Oxygen vacancy-engineered BiOCl nanoflake with silver decoration for enhanced photocatalytic CO₂ reduction at solid-gas interface

Photocatalytic conversion of CO₂ into valuable chemicals is an attractive way to mitigate the greenhouse effect. However, the poor mass transfer of CO₂ in a liquid-phase reaction limits its conversion rate and carbon product selectivity. Here, we developed a gas-phase photocatalytic CO₂ reduction by Ag/BiOCl-oxygen vacancy nanoflakes (Ag/BiOCl-OV NFs) where the catalytic reaction occurs at the solid–gas interface between Ag/BiOCl-OV and CO₂/vapor reactants. Such a solid–gas system allows rapid adsorption/desorption of CO₂ on the surface of photocatalysts, enhanced light absorption and electron-hole separation, resulting in promoted photocatalytic reaction rate and CO selectivity compared to the solid–liquid systems.
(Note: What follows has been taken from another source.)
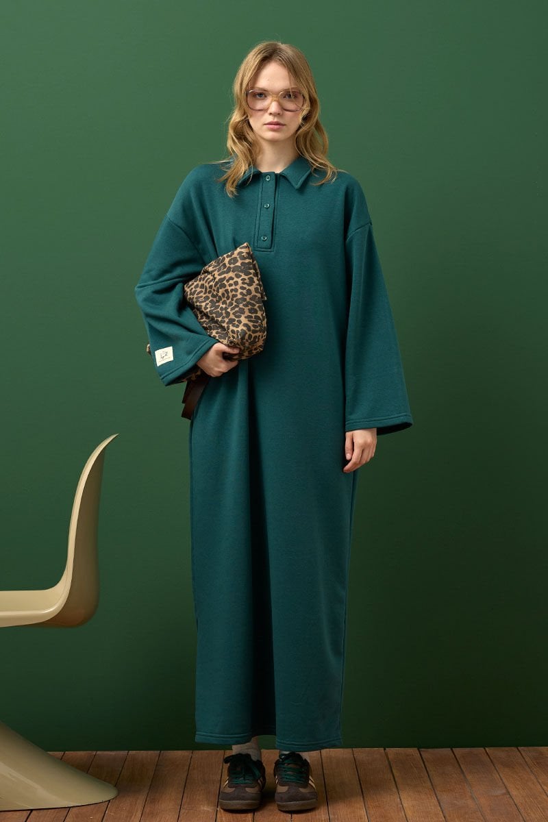 Bu şık ve rahat 3 iplik polo yaka uzun elbise, her an için harika bir seçenek.
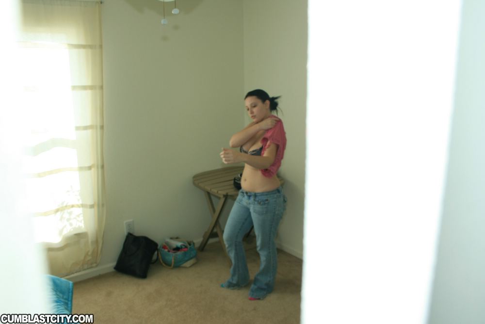 Teenie Saiya is being spied on by her neighbior hidden in her closet. As she undresses, he begins jacking off his huge cock. When Saiya opens up her closet she is sprayed with mountians off man goo. To the peepers suprise, Saiya begins jacking and sucking on his cock, milking out even more creamy jizz.

By supporting Ag/BiOCl-OV NFs on a photothermal substrate that has broadband light absorption to perform local heating for in-situ photothermal enhanced photocatalytic reaction. The synergistic effect of Ag nanoparticles, OVs and photothermal, the highly-selective CO product shows an evolution rate of 76 μmol g^-1h⁻¹, 17.6 times higher than that of pure BiOCl NFs.